Gordon & Rees San Diego partner Michelle R. Bernard and senior counsel Allison L. Jones recently prevailed on an anti-SLAPP motion in San Diego County Superior Court. The win resulted in dismissal of malicious prosecution and abuse of process claims against a corporate defendant client in a contentious business litigation dispute. In light of the ruling, under California’s anti-SLAPP statute, Gordon & Rees’s client will be entitled to recover its attorneys’ fees and costs in bringing the motion.
The client provides educational training courses in the fields of electrical energy and telecommunications. In response to the departure of several former employees who formed a competing business, the client’s former counsel initiated a lawsuit in federal court seeking damages and injunctive relief arising out of the alleged theft of confidential proprietary business information by the former employees. Although the former employees were ordered to return proprietary materials to the client, the jury found against the client on other related business tort claims. However, the federal court declined to award attorneys’ fees sought in excess of $700,000 under the California Uniform Trade Secrets Act given the absence of any evidence that the client brought its claims against the former employees in bad faith or for an improper purpose.
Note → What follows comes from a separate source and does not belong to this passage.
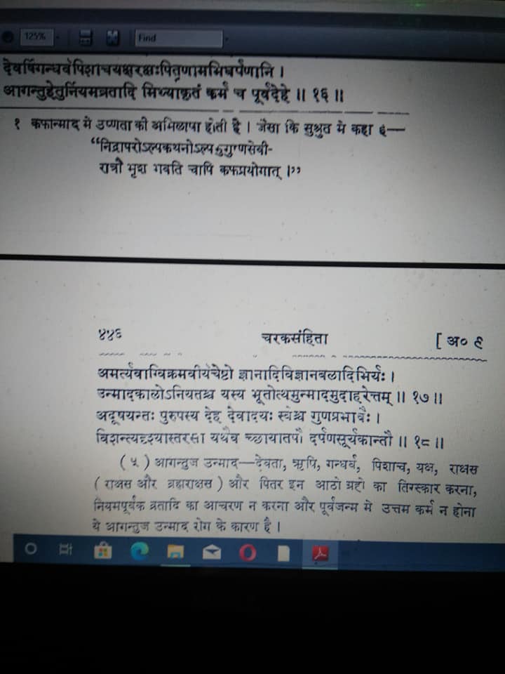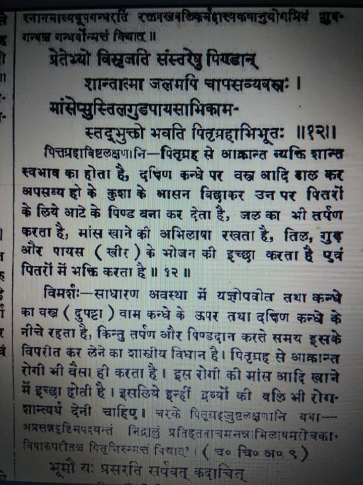 चरकसंहिताचिकित्सितस्थान में लिखा है- “अन्नाभिलाषमरोचकाविपाकपरीतं पितृभिरुन्मत्तं विद्यात्” जिसे अन्न खाने की बहुत अभिलाषा हो, परन्तु उसे अरुचि एवं पाचनक्रिया की समस्या हो तो वह पितृपीड़ा या पितृदोष से उन्मत्त है; चिकित्सक ऐसे रोगी को पितृश्राद्ध के लिये प्रेरित करे। सुश्रुतसंहिता के अनुसार- “प्रेतेभ्यो विसृजति संस्तरेषु पिण्डान् तद्भक्तो भवति पितृग्रहाभिभूत:” कुशल चिकित्सक पितृग्रहाभिभूत उदररोगी के लिए अन्यान्य उपचारों के अतिरिक्त आस्तृत कुशाओं पर प्रेत-पितरों के निमित्त पिण्डदान करने की प्रेरणा दे। ऐसे सैकड़ों स्थलों में आयुर्वेद ने पितृग्रहाभिभूत, देवग्रहाभिभूत और असुरग्रहाभिभूत आदि की चिकित्सा के लिए कर्मकाण्ड, ज्योतिष और तन्त्र का बहुत उपयोग किया है। वस्तुत: चिकित्सकों को स्वयं इन विषयों का भी विशेषज्ञ होना चाहिए अथवा इनके विशेषज्ञों से घनिष्ठ सम्बन्ध रखना चाहिए।

After the federal court judgment was entered, the former employees and their competing company sued the client and its former counsel in state court seeking more than $2 million in alleged damages for malicious prosecution, abuse of process, defamation, trade libel and other related business torts.
In response to the complaint, Gordon & Rees filed an anti-SLAPP motion arguing that the business competitor’s malicious prosecution and abuse of process claims should be dismissed as an improper infringement of the constitutional right of petition. Gordon & Rees further argued that the companion state court claims were barred by principles of collateral estoppel and res judicata given that the federal court previously had ruled in response to the former employees’ attorneys’ fee motion that the client acted in good faith and with reasonable cause in pursuing claims against them.
Based on the federal court’s prior ruling, the competing company was barred from re-litigating the same issues in the state court action, resulting in dismissal of the malicious prosecution and abuse of process claims against the client and its former counsel.